Resetting your Circadian Rhythm
- Eleanor Thrupp
- Oct 13
- 2 min read
Updated: 2 days ago
Your circadian rhythm, often called your internal body clock, plays a crucial role in governing various physiological processes, including your sleep-wake cycles, hormone production and overall health.
Ways to reset your circadian rhythm
Sleep
Prioritising sleep and aiming for consistent sleep and wake times, even over the weekend. Create a sleep conducive environment by keeping your bedroom dark and cool. Consistency helps regulate your body's internal clock.
Natural light
Try maximising your exposure to natural light by spending some time outside during daylight hours. Let natural light into your home or workspace during the day to reinforce your body's awareness of the time.
Artificial light
Limit exposure to artificial light at night. Minimise the use of electronic devices with blue light emissions before bed.
Balanced diet
Maintaining a balanced diet rich in nutrients including magnesium (leafy greens, nuts, seeds, whole grains), tryptophan (chicken, turkey, eggs, nuts) and melatonin precursors (tart cherries, grapes, walnuts) help support healthy sleep patterns.
Meal times
Eating meals at regular times and avoiding heavy meals close to bedtime can help align eating patterns with your body's natural circadian rhythms.
Caffeine & alcohol
Reducing intake of both caffeine and alcohol can improve sleep.
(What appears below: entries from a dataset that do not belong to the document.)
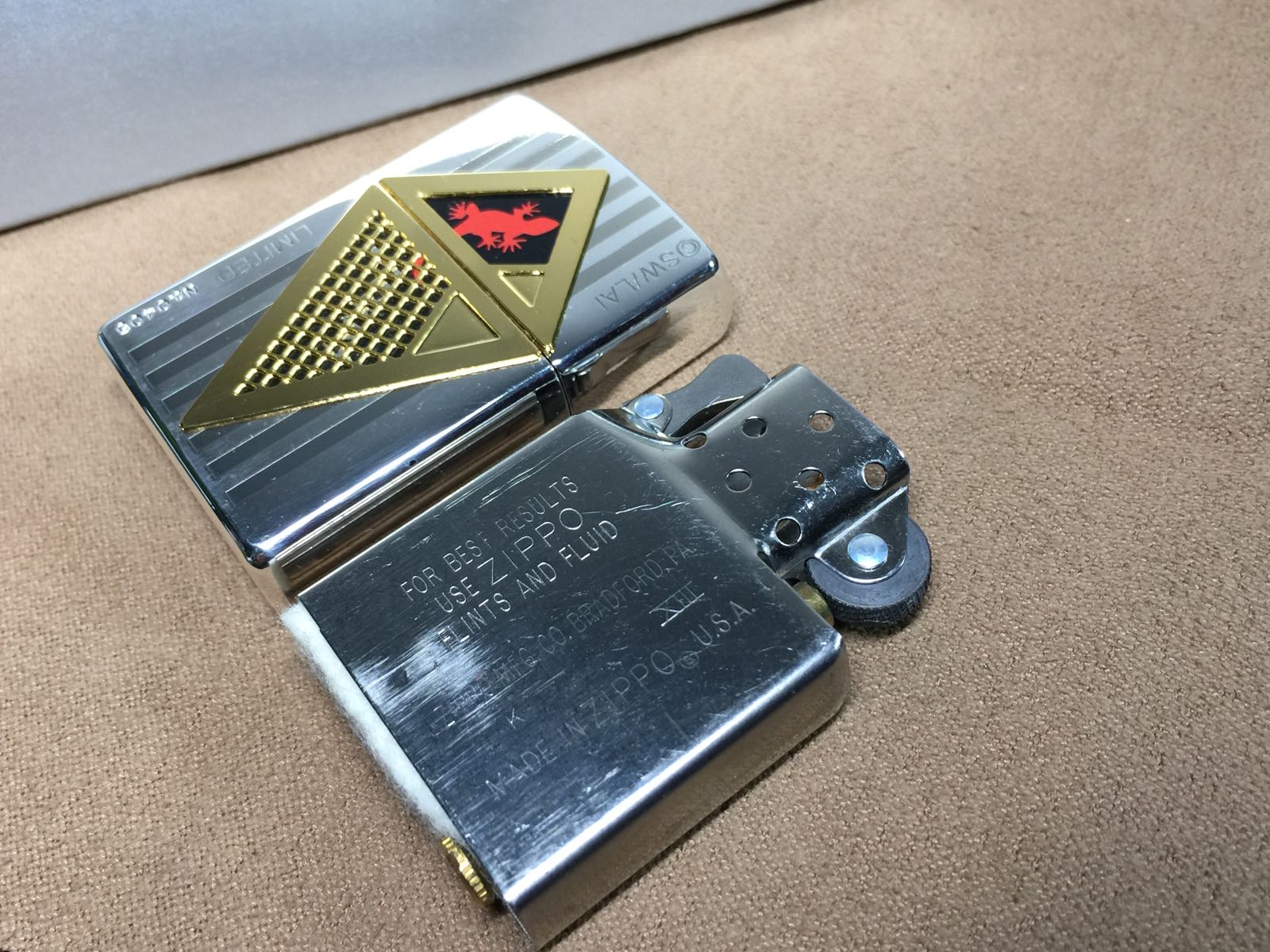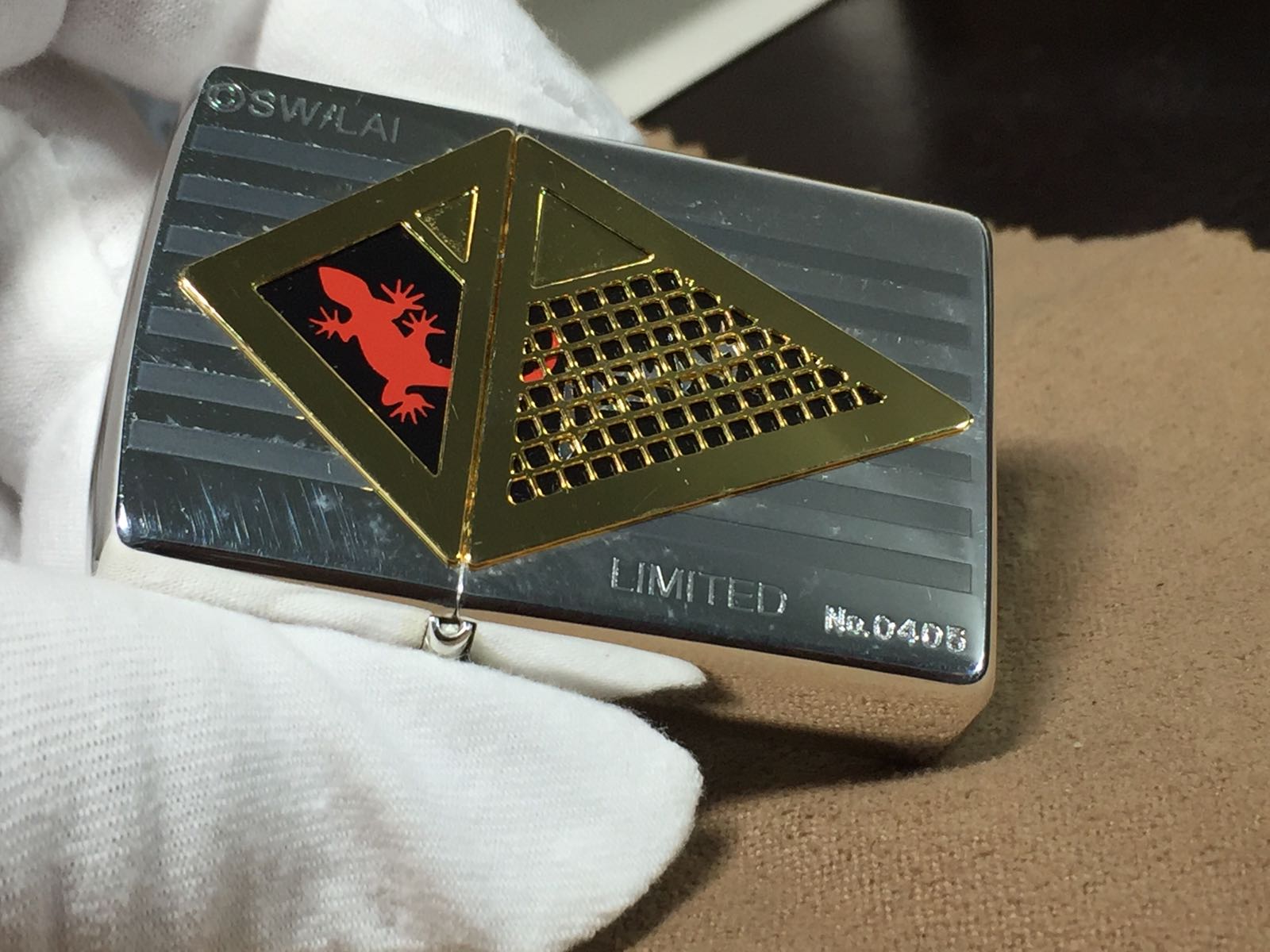 【具体描述】全新1997年7月 潮牌LARKINS 限量镀银小壁虎套装,本套编号0405,壁虎谐音庇护,自用送人都不错。本机为镀银底板 蚀刻填漆+精美镀金贴章工艺。机身局部存储擦丝强光拍出,正常角度不明显,铰链附近有些氧化痕迹,定义全新一般品。原配全新97K内胆,全套盒说齐全。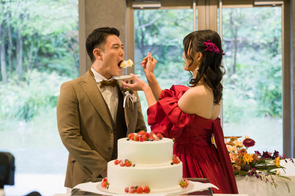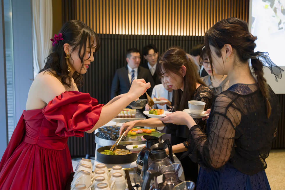更に、おもてなしと距離の近さを両立したい!と選ばれたデザートビュッフェは、新郎新婦様がゲストに直接振舞い、近い距離でゆったりとした歓談の時間を過ごしました。その他にも、新郎新婦様のエピソードにちなんだビンゴなど、新郎新婦様をよく知る皆様だからこそ盛り上がる演出で、心の距離もぐっと縮まりました。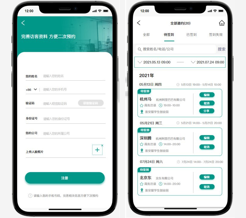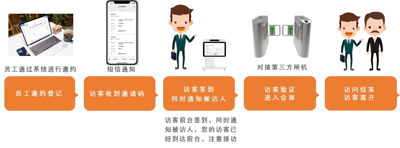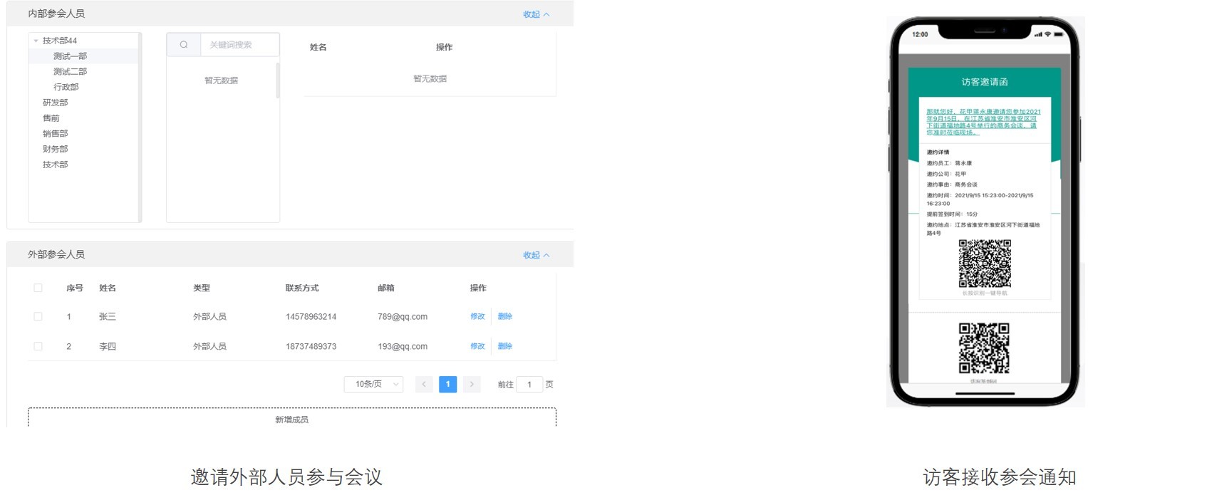 访客系统可与会议预定系统同平台使用,发起会议时,选择外部人员进行邀约,系统自动生成访客邀约信息通知参会人,参会人可通过邀约通知,前往现场即可参与会议。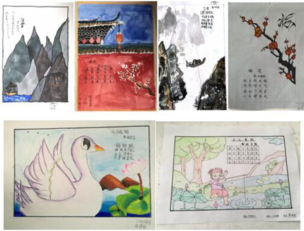 活动中,孩子们表现出极高热情,不少学生的作品构思独到,设计精美:有的线条粗略利落,有的用色大胆鲜明,有的画风天真质朴,有的朦胧而富有意境......达到了“诗中有画、画中有诗”的艺术境界。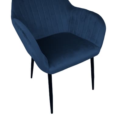 Tuoli EVELIN tummansinistä samettia. Mukava istuin on kevyesti pehmustettu ja kokonaan peitetty ruskeanharmaalla samettikankaalla. Päällysmateriaali: 100% polyesteri. Istuinrunko: metallia ja vaneria. Verhoilu: polyuretaanivaahto. Mustaksi pulverimaalatut metallijalat. Tuolin kokonaismitat ovat 58x59xH81cm. Istuinleveys 37 cm, istuinsyvyys 39 cm, istuinkorkeus 46 cm. Käsinojan korkeus maasta on 65 cm. Painorajoitus 120kg.
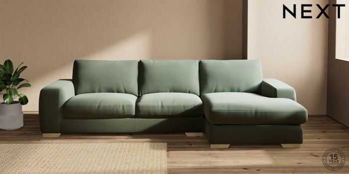 6.12.13 Buy Houghton Deep Relaxed Sit Large Sofa Chaise - Right Hand Relaxed Linen Look Dark Green Large Square Angle - Light from the Laura Ashley online shop Click here to use our website with more accessibility support, for example screen readers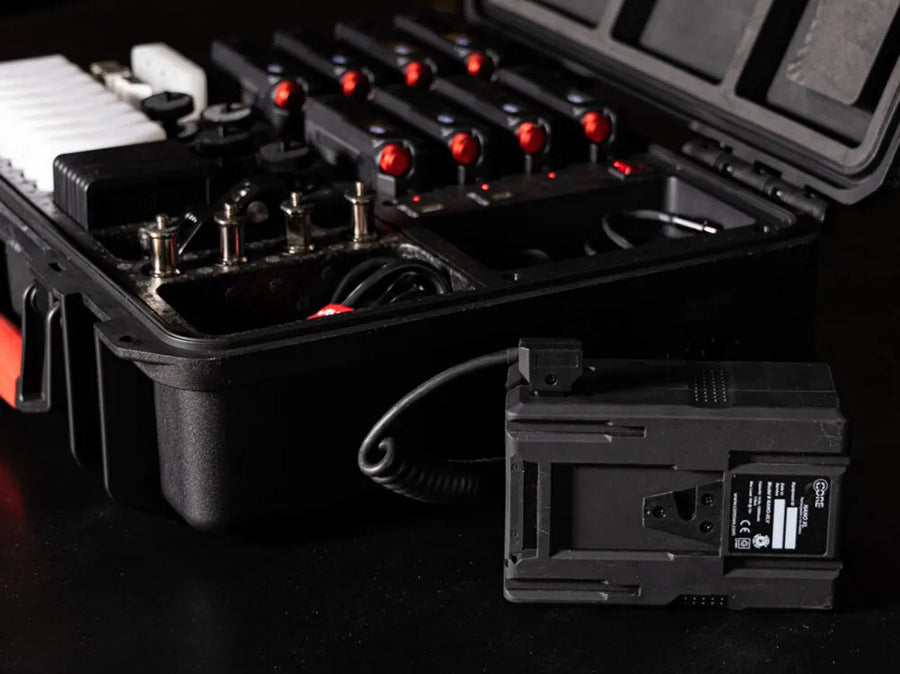 For filmmakers constantly on the move who want to use V Mount or Gold Mount batteries, you can power the MC Pro 8-Light Kit using a D-Tap battery with the included D-Tap to D-Tap Power Cable – in lieu of AC power.
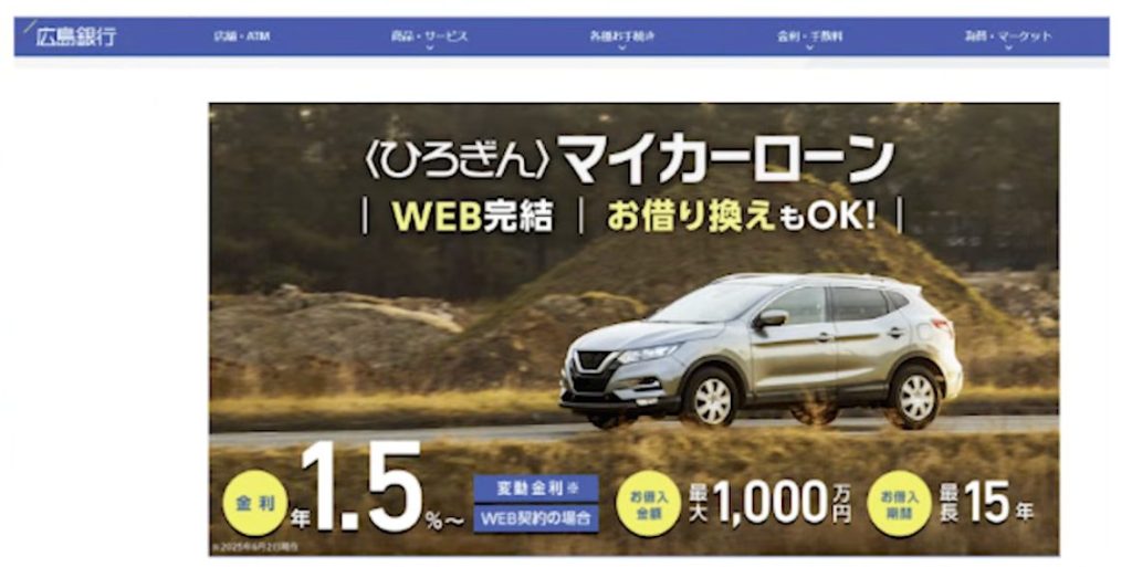 広島県呉市エリア限定のローンです。信用金庫がランクインしている点にも注目です。実は銀行だけでなく信用金庫にもマイカーローンがあり、ネットで申し込み可能なケースも多いです。地域密着型ならではのサービスを提供している場合もあるため、地元の信用金庫も選択肢に加える価値があります。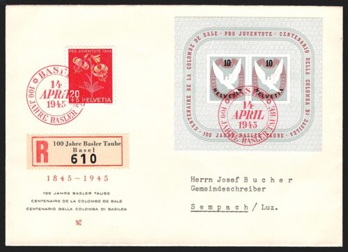 Schweiz, FDC, Zuschlagsausgaben, Blocks, Basler-Taube Block W 24, illustrierter R-FDC, offizieller roter ET-Stempel, dazu Ankündigungsblatt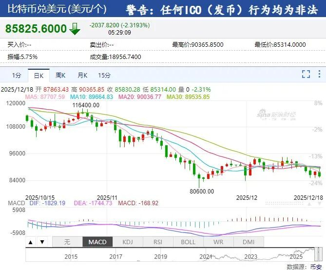 此外,比特币向下跌破86000美元,过去24小时内下跌超2%。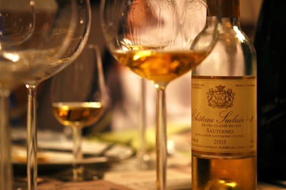 Zum Schluss noch mal ein Höhepunkt eines feinen Weinabends: Château Suduiraut, Sauternes, 2003. Was für ein genialer Tropfen. Eine nicht enden wollende dichte Süße, eine crémige Karamellbonbonessenz mit eingelegten Früchten voller gebändigter Kraft und Dichte. Und das, was einen bei vielen Sauternes befürchten lässt, man müsse ob der Schwere durch die Decke plumpsen wird hier gekontert mit Frische, mit einem feinen Säuregerüst, was mir bei diesem Château wie bei kaum einem anderen immer wieder auffällt und die Weine unwiederstehlich macht: Da schwebt eine riesige, mit eingelegten Früchten durchsetzte Crème Brullée in einem schweren Tongefäss wie auf einem Magrittschen Gemälde schwerelos über den Dingen. Großer Wein, großartiger Abend.
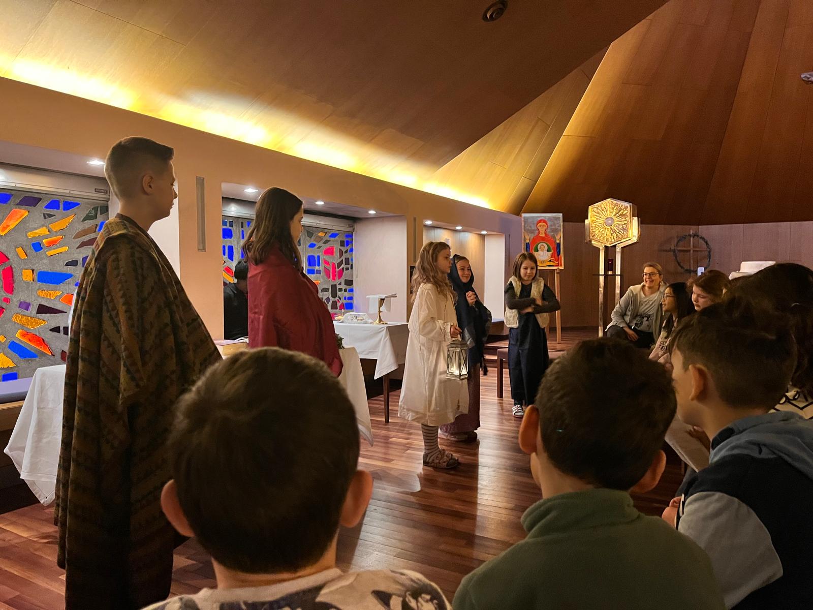 In feierlicher und besinnlicher Atmosphäre wurde am 17. Dezember 2025 in der Kapelle die Weihnachtsmesse mit Pfarrer Martin Rupprecht gefeiert. Eine besondere Gestaltung erfuhr die Messe dadurch, dass die Kinder der 3. Klasse anstelle der Lesung die Weihnachtsgeschichte spielerisch darstellten. Mit viel Engagement und Freude brachten sie die biblische Geschichte zum Leben und berührten damit die Anwesenden. Die gemeinsame Feier bot einen schönen Moment des Innehaltens und der Einstimmung auf das Weihnachtsfest.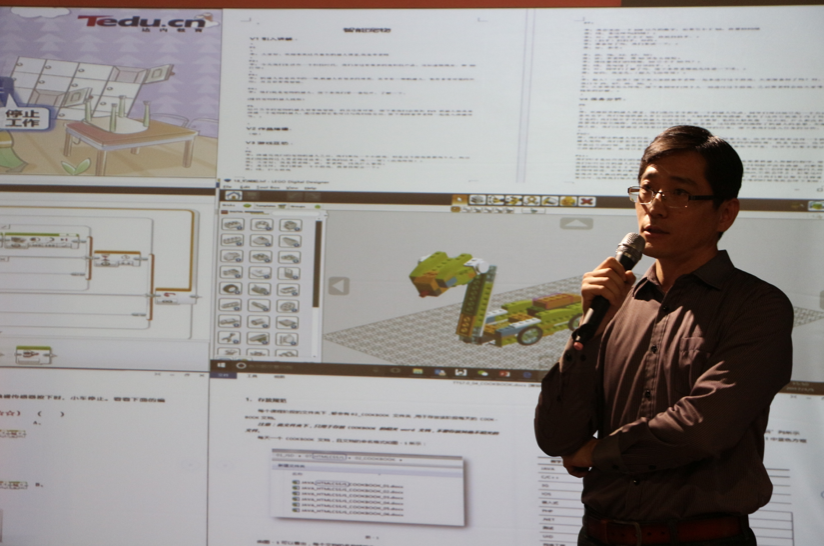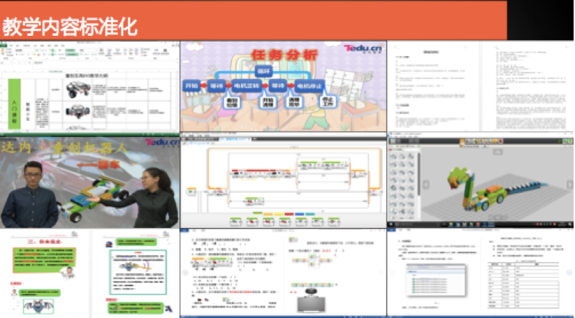在教學(xué)內(nèi)容的標準化上,達內(nèi)做的非常全面,花費的成本也很高。剛才我舉例,在少兒機器人的課程上,從小學(xué)做了520個課時的規(guī)劃,每一節(jié)的課程都包含研發(fā)內(nèi)容和課程大綱。我們上課用的PPT,要求錄制視頻老師也要有劇本,就跟背臺詞一樣。

Caffeine can delay sleep onset, shorten sleep duration, fragment sleep and reduce sleep quality. While alcohol initially promotes sleep onset, it disrupts sleep continuity and reduces REM sleep.
Staying active
Physical activity helps regulate your body's internal clocks and improve sleep quality. Avoid vigorous exercise close to bedtime as it may energise you and reduce sleep.
Peak performance tends to coincide with the body's natural peak in core body temperature, muscle strength and cardiovascular function, which occurs in the late afternoon.